CS6400 Hybrid Vector Search (Group 11)

Efficient vector search combining semantic similarity with metadata filtering.

Team Members

  • Zhangding Liu - Project Integration, Experiment Framework, Baselines, Evaluation, and Readme
  • Yao-Ting Huang - Data Module
  • Zaowei Dai - Indexing Module
  • Yichang Xu - Search Module and Experimental Results Analysis

Code-to-Report Mapping

This section maps the main components described in our report to their code implementations.

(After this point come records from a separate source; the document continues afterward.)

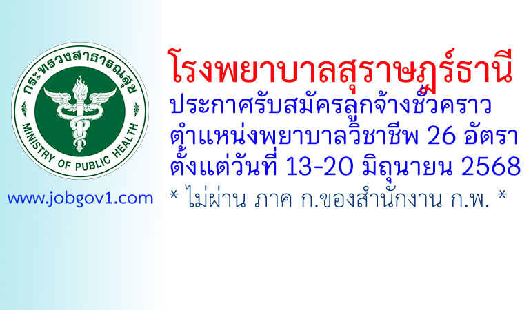 โรงพยาบาลสุราษฎร์ธานี รับสมัครลูกจ้างชั่วคราว ตำแหน่งพยาบาลวิชาชีพ 26 อัตรา ตั้งแต่วันที่ 13-20 มิถุนายน 2568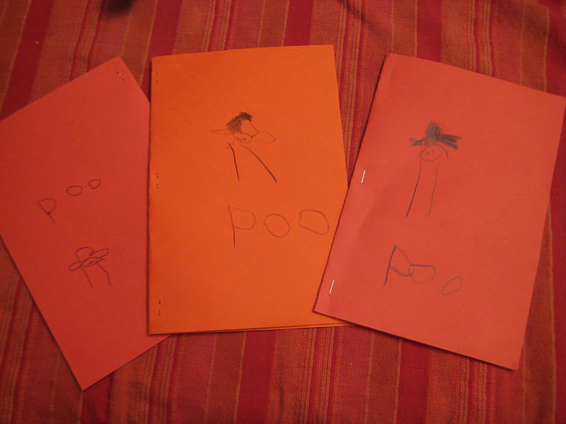 A few days ago was my 4-and-a-half-year-old Lil Dude's "Gotcha Day" -- the anniversary of the day he came home with us from Guatemala. He's been with us four crazy-wonderful years! In honor of his Gotch (his nickname for the big day), I thought I'd share with you his first literary efforts. Like his mommy, he just finished a trilogy. Unlike his mommy, he took not one year, but a single day to complete each masterpiece. Last week, I found one of these waiting for me each day in his cubby at preschool.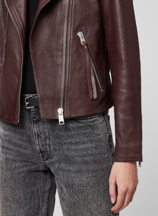 No fuss leathers. The Dalby Biker Jacket is a minimalist design, crafted in a dark raspberry pink hue. Shiny gunmetal trims contrast the smooth leather base.

Data Generation & Preprocessing

  • data/loader.py: Wikipedia embedding dataset loader (OpenAI ada-002, d=1536)
  • data/preprocessor.py: Synthetic metadata generation (category, importance, year, region)
  • data/query_generator.py: Query workload generation with controllable selectivity
  • scripts/build_data.py: Dataset generation script (100k samples default)
  • scripts/build_query.py: Query generation script (500 queries)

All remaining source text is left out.